The kitchen has been busy. The daughters complain genially that they work all day and still have to do the cooking. (I’d find it extremely hard to prepare food after fasting all day without tasting it, not to mention all those enticing smells, but then I haven’t had the training.) More and more people buy food ready prepared, and there is a growing trend to go out at night to halaal restaurants (Kaprino’s in Green Point is running a Ramadan buffet special).

It is 5:45pm and seven-year-old Aaliyah is rearing to go. Children start with half-day fasts until they reach puberty. She has a pink napkin wrapped plate of granny’s bollas (spherical donuts with coconut). The tradition is to go door to door swopping treats with your neighbours. We head off from Martin Luther Street towards Salaam Street.

Aunty Jessie, who has a reputation for her chicken curry, has made flapjacks; there are pies in the oven, and on the table samosas, dhaltjies (deep fried chili bites made from pea flour with chopped spinach, lettuce, grated onion or potato) and bhajias (chili bites but with bigger leaves).

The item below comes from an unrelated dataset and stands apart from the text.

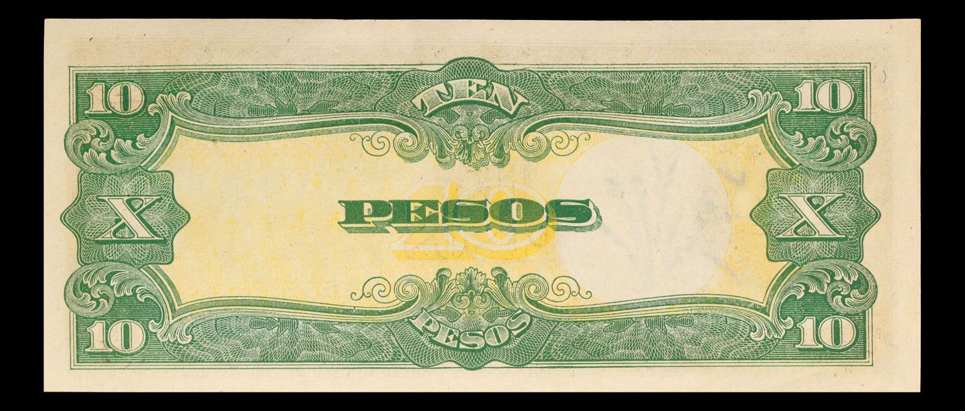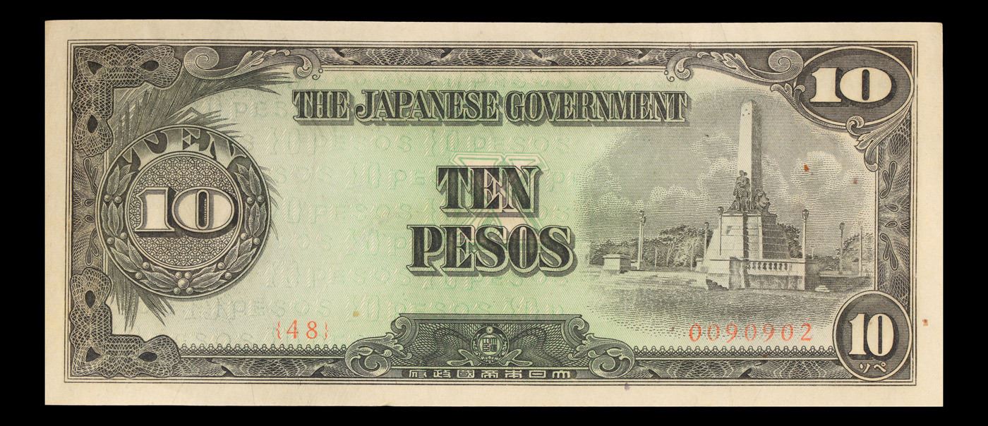 1943 Philippines Under Japanese Occupation 10 Peso Note P# 111A Grades Choice CU. Japanese invasion money, officially known as Southern Development Bank Notes (Japanese: ??????? Dai T?-A Sens? gunpy?, "Greater East Asia War military scrip"), was currency issued by the Japanese Military Authority as a replacement for local currency after the conquest of colonies and other states in World War II. Japan printed this currency for many countries, including Malaysia, Singapore, North Borneo, Sarawak, Burma, Brunei, and several Oceania territories controlled by Australia.

On 8th Avenue, Aunty Wieyah has samosas and pancakes (without coconut, because, she jokes, her husband says coconut, not smoking, makes him cough).

It is nearly sunset. Faizel tells me that years back everyone used to wait outside on the pavement to listen for the call to prayer as the mosque was rather far away. Today, we wait, tuned to Radio 786 (the number is a numerological abbreviation for the phrase “in the name of Allah, the merciful, the compassionate”).

We break the fast with a single date, in accordance with the tradition of the Prophet. After prayer, the table is set with a fine spread.

Rukeya serves her thick spinach and beef soup, and offers us a glass of cold pink falooda, made with milk, elachi (cardamom) and rose syrup and greenish basil seeds (which Faizel calls ‘frog eyes’).

Then there are bowls of Amina’s delicious, warm milky boeber (made with vermicelli pasta, cinnamon sticks, sago, sugar, to which sultanas and almond flakes are often added).

Aquilah has made sweetcorn fritters; Nadia has attended to the Jasmine rice (best soaked in cold water for an hour before cooking); Faizel has prepared a scrumptious butter chicken – cubed fillets sautéed in butter, with ground coriander, chilies, cumin, tomato paste, cream, and a sprinkling of fresh chopped coriander.

I understand why some people even put on weight over Ramadan. But Faizel’s father, Ebrahim reminds us, “You never know what is on your neighbour’s table, if anything.”

Once everyone has finished eating, in Muslim tradition, the food no longer belongs to the hosts. At weddings and functions guests load and take what is left, colloquially called a “barakat”. I know I’ll enjoy mine tomorrow.

This article first appeared in the Mail & Guardian, 12 August 2011.